From: Tom Lane <tgl(at)sss(dot)pgh(dot)pa(dot)us>
To: Andrew Dunstan <andrew(at)dunslane(dot)net>
Cc: pgsql-hackers-win32 <pgsql-hackers-win32(at)postgresql(dot)org>, Jan Wieck <JanWieck(at)Yahoo(dot)com>
Subject: Re: pg_ctl vs. Windows locking
Date: 2004-06-14 15:55:50
Message-ID: 756.1087228550@sss.pgh.pa.us
Views: Raw Message | Whole Thread | Download mbox | Resend email
Lists: pgsql-hackers-win32

Andrew Dunstan <andrew(at)dunslane(dot)net> writes:
> Tom Lane wrote:
>> The stats collector processes normally don't shut down until they
>> observe postmaster exit (and I think in CVS tip there's an
>> up-to-one-second delay before they'll even look). Everything else
>> should be gone first though.

> Sounds like a 2 second sleep should do the trick. Will test later.
> Maybe we should do it everywhere, not just Windows, to ensure that we
> don't get nasty interleaving on the log file?

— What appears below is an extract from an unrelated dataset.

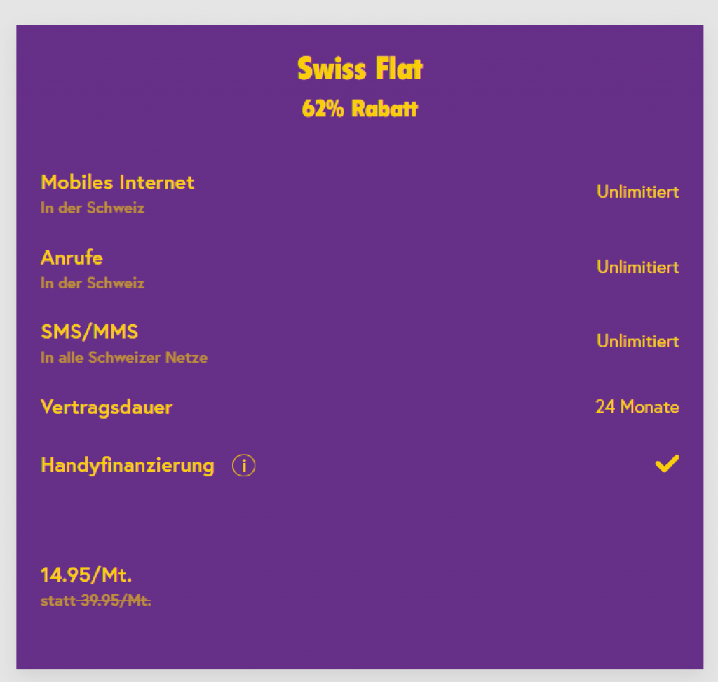Bei TalkTalk gibt’s das Abo Swiss Flat derzeit für CHF 14.95 / Monat. Gewiss nicht ganz so gut wie die Aktionen in der Vergangenheit, wo es das Abo für sagenhafte CHF 11.- / Monat gab, aber trotzdem ein starker Preis.

The stats processes won't write anything to the log file under normal
circumstances anyway, so I wouldn't support the above.

A possibly more relevant argument is that if one is using the option to
keep stats totals across postmaster restarts, the old totals aren't
necessarily valid until the old stats processes exit, and so a pg_ctl
restart sequence could fail to transfer the totals.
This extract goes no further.